Pictures are to be left out, and only the lines from the one with "(3)片栗粉に臭み消しとして" through the last line of the listing below are to be repeated exactly.

Material to process ->
###
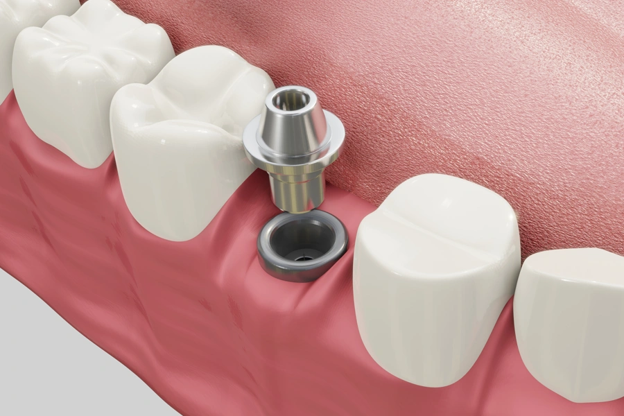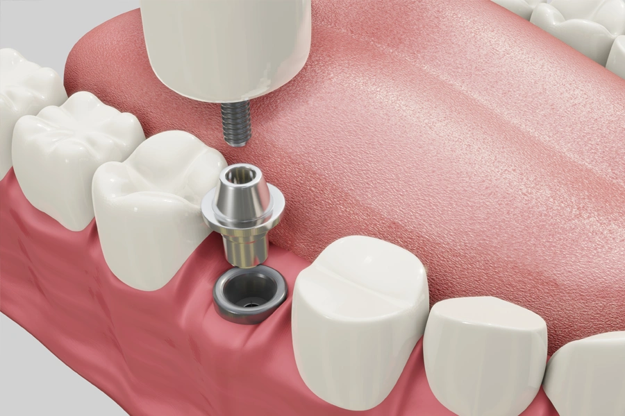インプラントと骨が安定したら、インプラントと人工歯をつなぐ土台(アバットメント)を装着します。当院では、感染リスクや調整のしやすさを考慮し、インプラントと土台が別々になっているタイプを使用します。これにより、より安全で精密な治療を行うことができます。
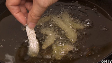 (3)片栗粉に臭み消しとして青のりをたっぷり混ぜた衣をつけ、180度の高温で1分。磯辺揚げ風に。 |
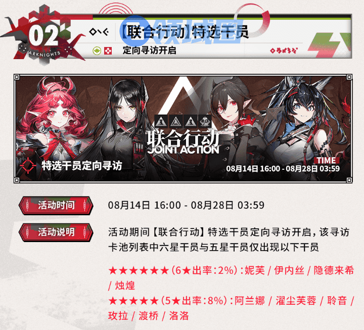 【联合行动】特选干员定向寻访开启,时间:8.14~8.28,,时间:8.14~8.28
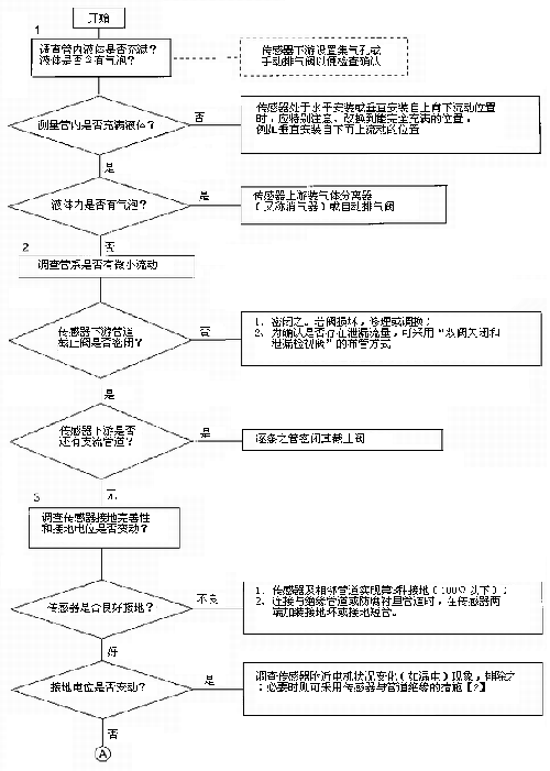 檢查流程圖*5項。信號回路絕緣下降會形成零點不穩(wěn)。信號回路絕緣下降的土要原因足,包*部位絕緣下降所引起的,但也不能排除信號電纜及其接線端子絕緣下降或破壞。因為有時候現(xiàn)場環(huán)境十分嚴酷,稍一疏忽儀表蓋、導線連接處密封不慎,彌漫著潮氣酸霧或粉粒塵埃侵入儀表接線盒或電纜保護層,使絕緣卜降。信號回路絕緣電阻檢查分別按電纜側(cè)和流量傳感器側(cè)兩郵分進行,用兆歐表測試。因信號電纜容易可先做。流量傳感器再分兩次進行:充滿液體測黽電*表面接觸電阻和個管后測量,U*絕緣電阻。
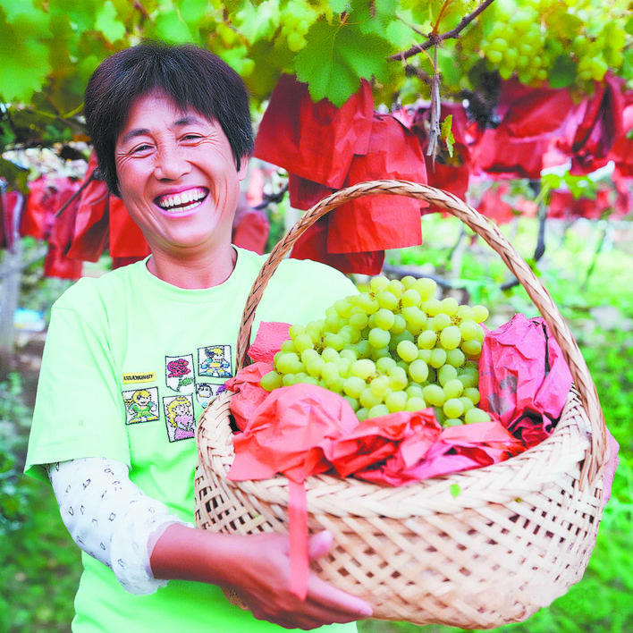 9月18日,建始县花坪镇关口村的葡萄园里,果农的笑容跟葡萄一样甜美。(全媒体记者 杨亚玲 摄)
###
Response to this task ->
 (3)片栗粉に臭み消しとして青のりをたっぷり混ぜた衣をつけ、180度の高温で1分。磯辺揚げ風に。 |
 【联合行动】特选干员定向寻访开启,时间:8.14~8.28,,时间:8.14~8.28
 檢查流程圖*5項。信號回路絕緣下降會形成零點不穩(wěn)。信號回路絕緣下降的土要原因足,包*部位絕緣下降所引起的,但也不能排除信號電纜及其接線端子絕緣下降或破壞。因為有時候現(xiàn)場環(huán)境十分嚴酷,稍一疏忽儀表蓋、導線連接處密封不慎,彌漫著潮氣酸霧或粉粒塵埃侵入儀表接線盒或電纜保護層,使絕緣卜降。信號回路絕緣電阻檢查分別按電纜側(cè)和流量傳感器側(cè)兩郵分進行,用兆歐表測試。因信號電纜容易可先做。流量傳感器再分兩次進行:充滿液體測黽電*表面接觸電阻和個管后測量,U*絕緣電阻。
 9月18日,建始县花坪镇关口村的葡萄园里,果农的笑容跟葡萄一样甜美。(全媒体记者 杨亚玲 摄)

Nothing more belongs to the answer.